Required action
Once you find the line with "Checkerboard Tiles Background" in the listing below, please repeat it and every later line exactly, through the last one, without pictures.

Material provided
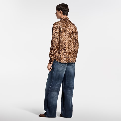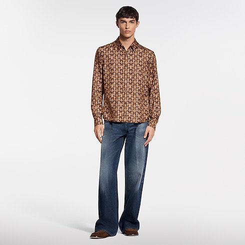 This fluid shirt is crafted from pure organic silk in rich brown Louis Vuitton heritage tones. It features a graphic allover Monogram Overlap motif from the Spring-Summer 2026 show and is finished with lustrous tiger’s eye quartz-like buttons. This luxurious piece brings an elevated signature accent to a look.
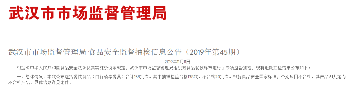 中国食品安全网讯(记者 胡毅) 记者15日了解到,近日,武汉市市场监督管理局发布《食品安全监督抽检信息公告(2019年第45期)》。公告显示,武汉市市场监督管理局组织对食品餐饮环节进行了专项监督抽检。本次公布包括餐饮食品(自行消毒餐具)合计158批次。其中抽样检验合格138次,不合格20批次。根据食品安全国家标准,个别项目不合格,其产品即判定为不合格产品。
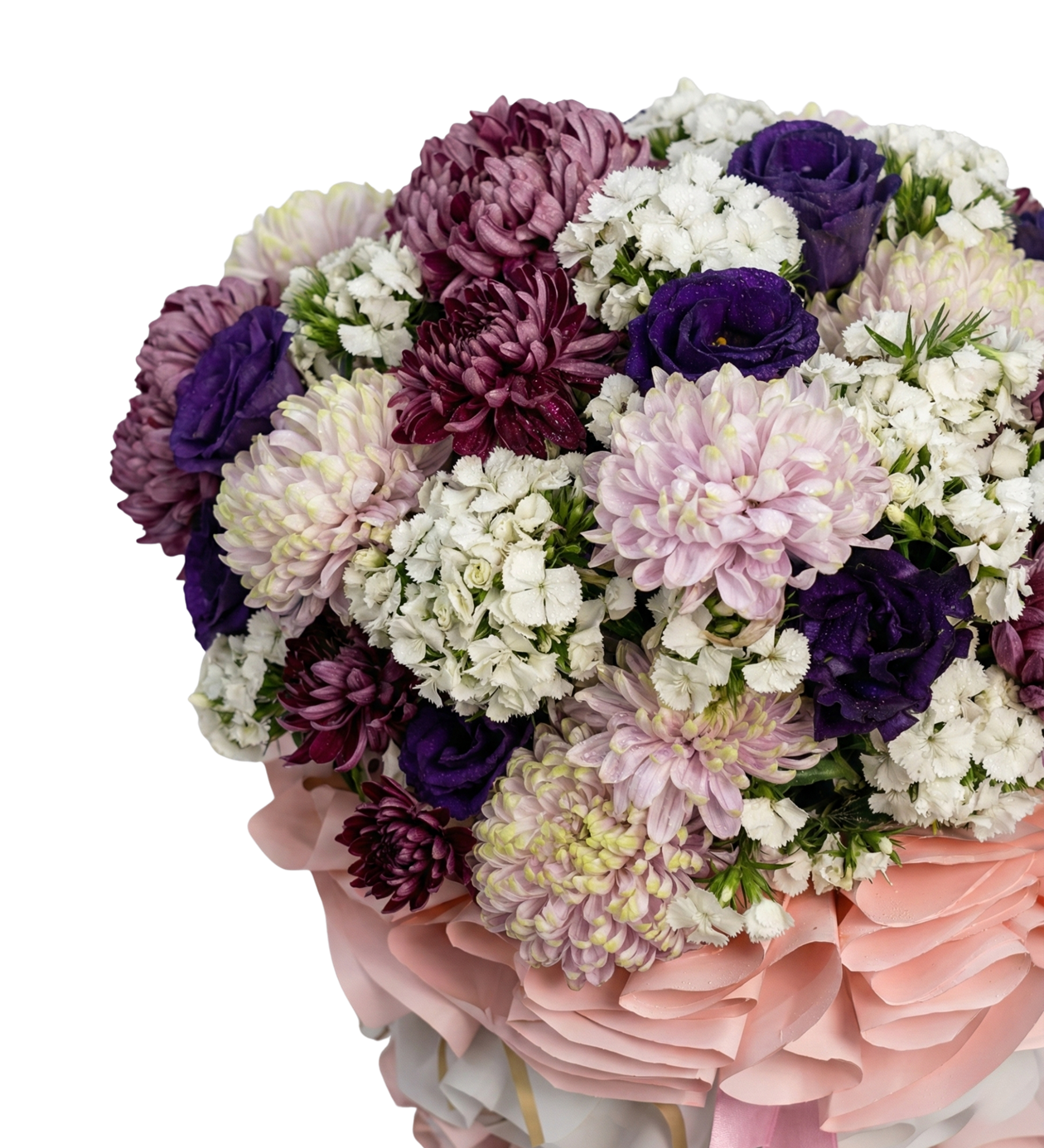 Ana Çiçekler: Mor Lisianthus (Eustoma), Lila/Pembe Krizantem, Beyaz Hüsnüyusuf veya benzeri dolgular.
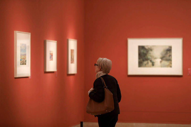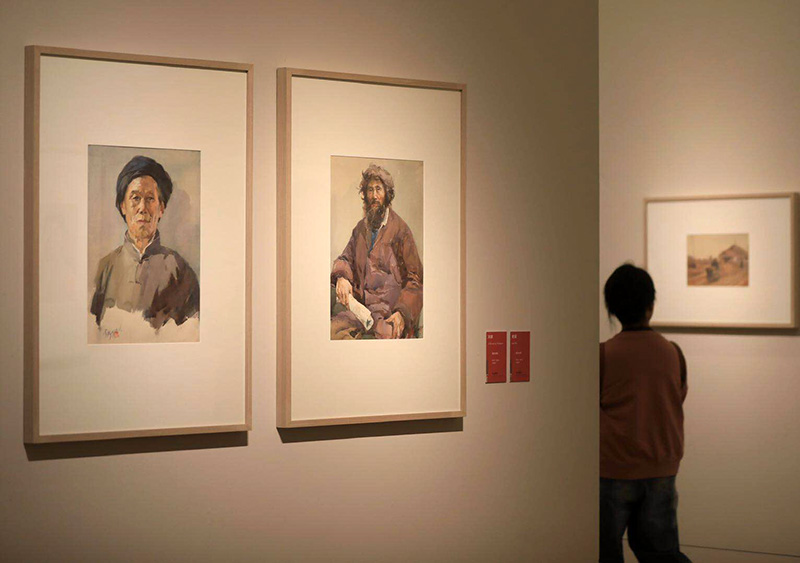 一名观众观看展览作品。今年是杨云龙诞辰100周年,他的后人将其一生各个阶段创作的45件水彩画精品捐赠给中国美术馆。
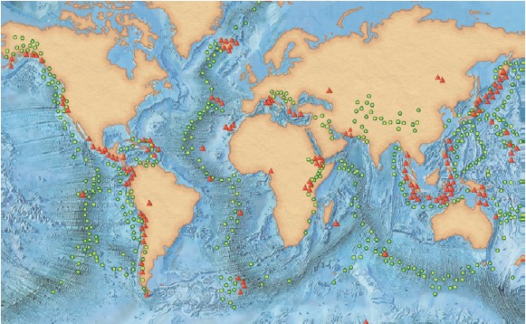 Mapa de distribución de los terremotos (● ) y de los volcanes (▲ ).
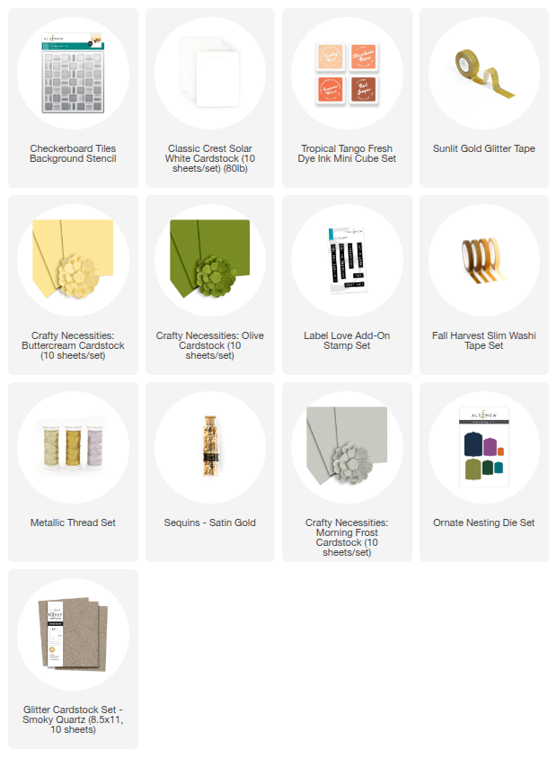 Checkerboard Tiles Background Stencil, Sunlit Gold Glitter Tape, and Label Love Add-On Stamp Set.
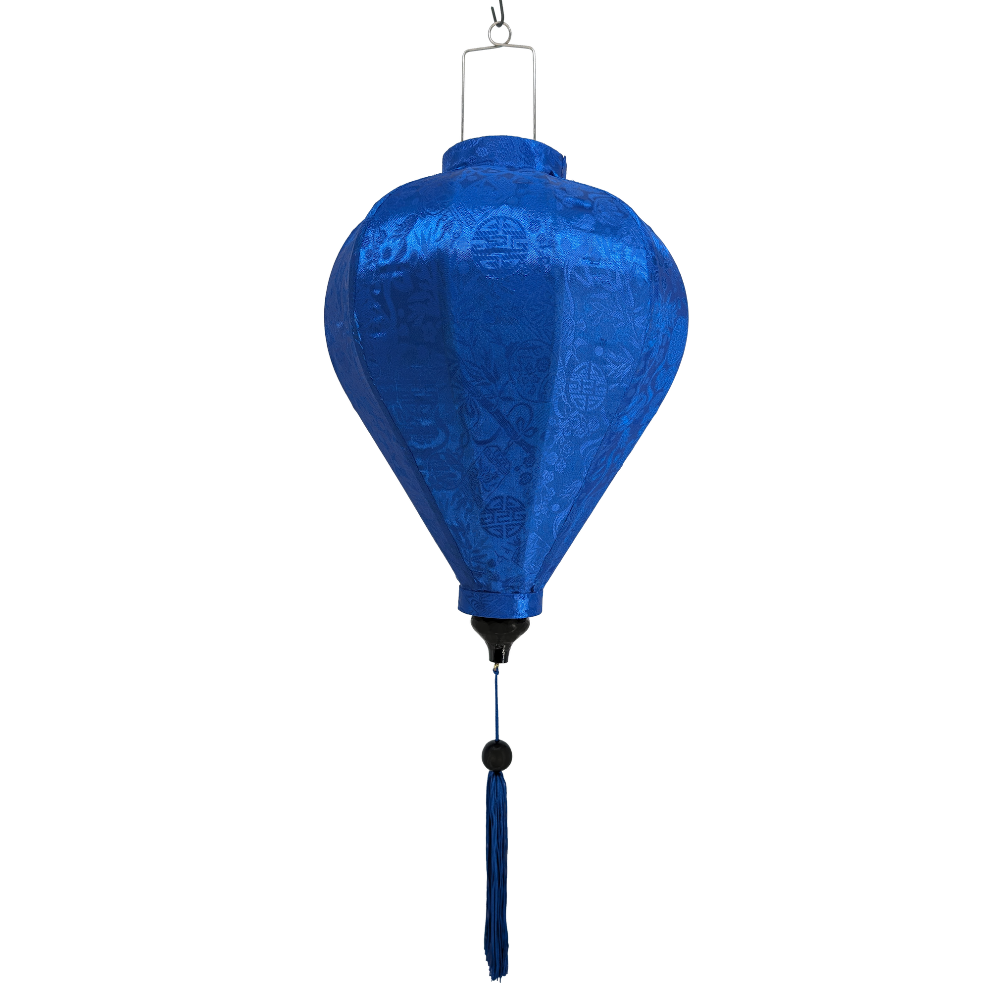Jacquard silk Hoi An Lanterns are made with a blend of silk and nylon. This dark blue colour is a great way to add life to any corner. Due to the thickness of the fabric we recommend lighting them from the outside as you will see the bulb when lit from the inside.  When lit from the outside you can see the patterns and various shades in the light.
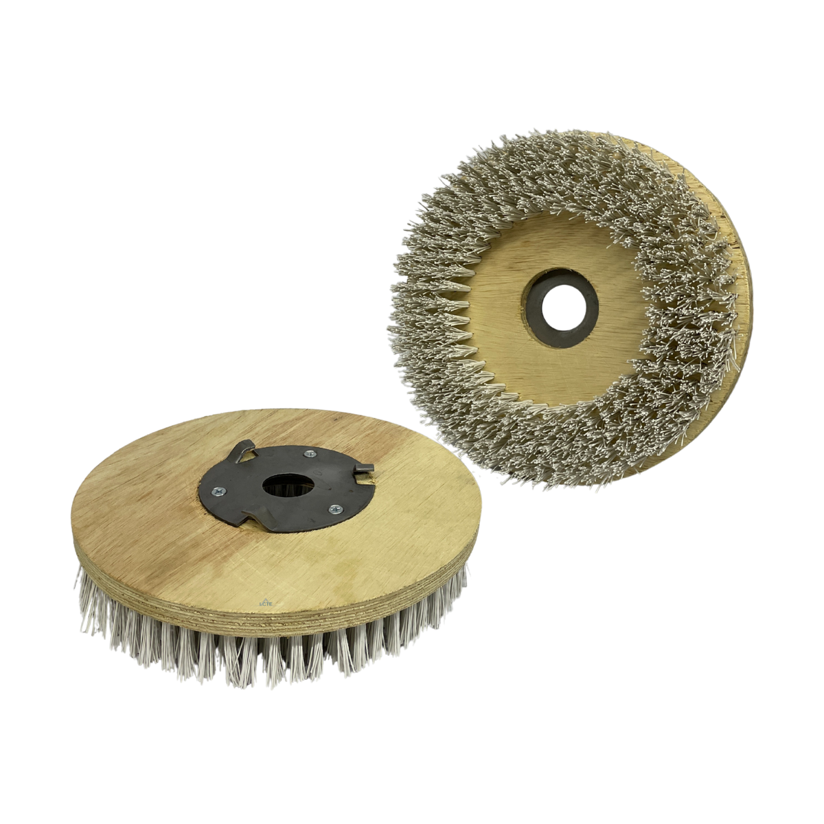 Suporte de nylon com diâmetro de 300mm, ideal para uso em enceradeiras industriais compactas. Compatível com modelos das marcas Cleaner, Orion Clean, AllClean, Brudden, Deep Clean, Certec e outras com flange de 38mm. Fabricado em madeira tratada, com Cerdas em Nylon e flange metálica central, É indicado em serviços de lavagem, polimento, remoção de cera e manutenção de pisos diversos.

Your response
 Checkerboard Tiles Background Stencil, Sunlit Gold Glitter Tape, and Label Love Add-On Stamp Set.
Jacquard silk Hoi An Lanterns are made with a blend of silk and nylon. This dark blue colour is a great way to add life to any corner. Due to the thickness of the fabric we recommend lighting them from the outside as you will see the bulb when lit from the inside.  When lit from the outside you can see the patterns and various shades in the light.
 Suporte de nylon com diâmetro de 300mm, ideal para uso em enceradeiras industriais compactas. Compatível com modelos das marcas Cleaner, Orion Clean, AllClean, Brudden, Deep Clean, Certec e outras com flange de 38mm. Fabricado em madeira tratada, com Cerdas em Nylon e flange metálica central, É indicado em serviços de lavagem, polimento, remoção de cera e manutenção de pisos diversos.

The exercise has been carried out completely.